According to new research conducted by marine biologists from the Marine Biological Association (MBA) and the University of Southampton, lethal collisions between whale sharks and large ships are greatly underestimated and may be the cause of declining populations.
As whale sharks assemble in coastal regions to spend substantial time in surface waters, experts theorised collisions with ships could be causing substantial whale shark deaths. Previously, there was no way of monitoring this threat.
Scientists from 50 international research institutions and universities tracked both whale shark and ship movements across the globe to pinpoint areas of risk and potential collisions. Satellite-tracked data from nearly 350 whale sharks was submitted to the Global Shark Movement Project, conducted by MBA researchers.
Shark hot spots
The team recorded shark “hot spots,” which overlapped global fleets of cargo, tanker, passenger and fishing vessels, all capable of striking and killing a whale shark. It was concluded over 90 percent of whale shark movements fell under the footprint of shipping activity. Whale shark tag transmissions ended more frequently in busy shipping lanes, even when technical failures were ruled out. The team concluded transmission loss was likely due to whale sharks being struck, killed and sinking to the ocean floor.

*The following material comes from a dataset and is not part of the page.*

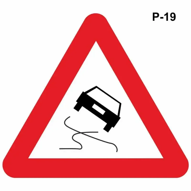 Características de la señal de trafico de peligro por pavimento deslizante :

“Incredibly, some of the tags recording depth as well as location showed whale sharks moving into shipping lanes and then sinking slowly to the seafloor hundreds of metres below, which is the ‘smoking gun’ of a lethal ship strike,” said Professor David Sims, Senior Research Fellow at the MBA and University of Southampton and founder of the Global Shark Movement Project. “It is sad to think that many deaths of these incredible animals have occurred globally due to ships, without us even knowing to take preventative measures,” he added.
At present, no international regulations exist to protect whale sharks against ship collisions. The research team hopes their findings can inform management decisions and protect whale sharks from further population declines. Growing up to 20m in length, whale sharks feed on microscopic animals called zooplankton and play a crucial role in the marine food web and healthy ocean ecosystems.
“The maritime shipping industry that allows us to source a variety of everyday products from all over the world may be causing the decline of whale sharks, which are a hugely important species in our oceans,” said Freya Womersley, doctoral researcher, from the University of Southampton. “Collectively, we need to put time and energy into developing strategies to protect this endangered species from commercial shipping now, before it is too late, so that the largest fish on Earth can withstand threats that are predicted to intensify in future, such as changing ocean climates,” she added.